The Executive Leader of Fareham Borough Council, Councillor Seán Woodward has written to the Prime Minister, David Cameron requesting the urgent need for legislation criminalising the offence of unauthorised encampments by gypsies and travellers.
Executive Leader of the Fareham Borough Council, Councillor Seán Woodward, said: "The letter follows recent incidents of unauthorised traveller and gypsy encampments on areas of Fareham Borough Council's land that have involved the Council taking proceedings for the eviction of the travellers/gypsies only to find that when moved they simply occupy another piece of land in the district.

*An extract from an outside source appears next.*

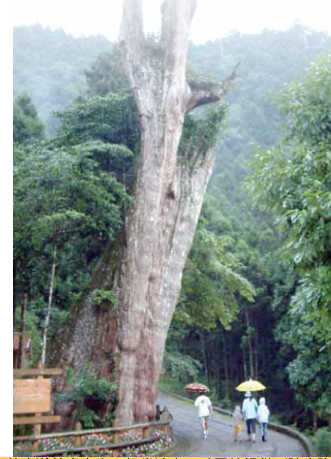
明池森林遊樂區的步道林木密布，相當清幽。

This causes disruption to local residents who may have events planned, for example on recreation grounds and frustration and concern in the way that such unauthorised encampments have to be dealt with. The process is costly, time consuming and in the eyes of the local community ineffective. The public also find such invasions threatening and intimidating and feel unable to go about their normal business on public land including children's playgrounds. We even had one recent incident where a cemetery was invaded with vans parked on graves to the huge distress of bereaved relatives."
The Council has adopted provisions of Section 77 and 78 of the Criminal Justice and Public Order Act and has used the powers very successfully on more than one occasion. The Police also have powers under Section 61 and Section 62 of the Criminal Justice and Public Order Act.

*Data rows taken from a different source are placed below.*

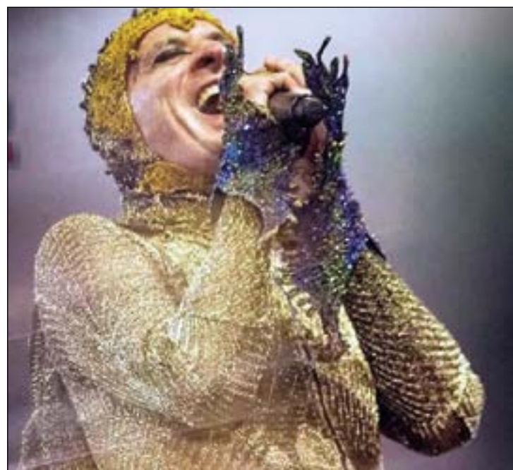
Ney Mato Grosso aterrissa amanhã no Centro de Eventos do Pantanal para memorável show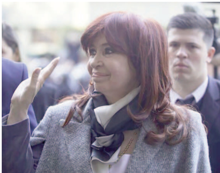
La expresidenta declaró en el marco del juicio por el intento de magnicidio.

Además, Fernández de Kirchner advirtió cómo se fue incrementando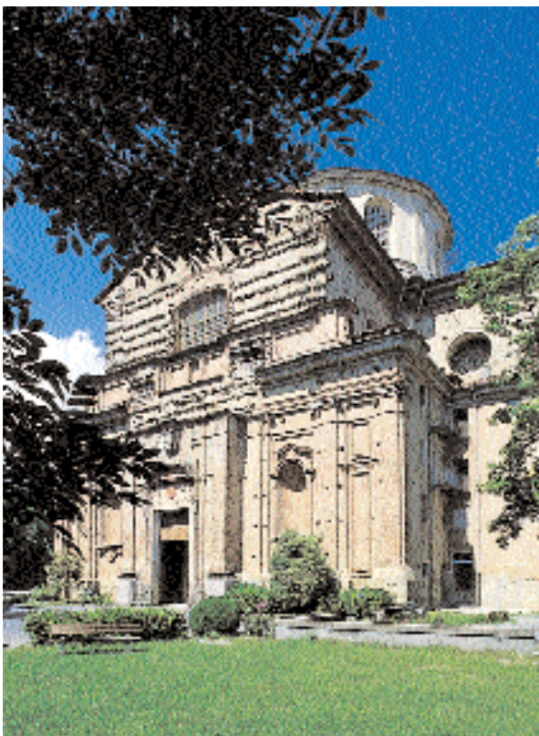
Facciata del Santuario di Graglia

Councillor Woodward continues: "The Council is fully aware that a criminal offence is committed if an unauthorised encampment fails to leave when the Police use section 61 or 62 and local authorities use section 77 of the Criminal Justice and Public Order Act. However the issue remains that the criminal offence occurs only when this action is instigated and those occupying the land fail to comply with directions under the legislation and not at the time when the land is initially invaded.

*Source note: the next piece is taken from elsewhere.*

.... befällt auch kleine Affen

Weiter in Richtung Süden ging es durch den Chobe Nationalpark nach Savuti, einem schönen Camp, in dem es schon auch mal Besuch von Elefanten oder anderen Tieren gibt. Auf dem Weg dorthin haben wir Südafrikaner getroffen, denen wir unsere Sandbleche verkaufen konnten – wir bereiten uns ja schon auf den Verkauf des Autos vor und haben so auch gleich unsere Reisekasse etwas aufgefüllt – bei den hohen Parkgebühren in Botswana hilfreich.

"Further this can also be costly both in terms of the action that is required to instigate these proceedings as well as any remedial works necessary to clean up and reinstate facilities and repair any damage that has taken place, as is the case with the majority of the encampments this Council has had to deal with. It can be a long and difficult process, entailing huge expense, to move people on."
In terms of dealing with unauthorised encampments experience has shown that the Council can make more effective use of the existing powers by using the County Court Civil Procedures under Section 55 of the County Court Rules by taking County Court "squatters" proceedings for the eviction of travellers. To date the Council has been successful in achieving the eviction of gypsies/travellers from Council-owned land because all the necessary procedures have been followed and welfare checks undertaken prior to any action being instigated. The success of this is down to the close co-operation between the Council's enforcement officers, the Council’s solicitors and the County Council's gypsy liaison officer, who undertakes all the necessary needs assessments on behalf of this Council.
The Council has on previous occasions written to the Office of the Deputy Prime Minister and more recently to the Secretary of State regarding this matter recommending that the problem of unauthorised encampments be made a criminal offence rather than being a civil matter.
At a meeting of Fareham's Council on 23 June 2011 it was resolved that a letter be sent to the Prime Minister, following a further invasion of the Council's land by gypsies and travellers to voice its frustration and again request that the our government progresses the introduction of legislation that would make such unauthorised trespass a criminal offence.
The Council is working with neighbouring local authorities to try to identify a suitable piece of land that could serve as a transit site or temporary stopping site that would then enable the police to use their additional powers to move unauthorised encampments on. However the scale of some encampments is such that temporary transit sites would not be able to accommodate some of the numbers involved as in this particular case.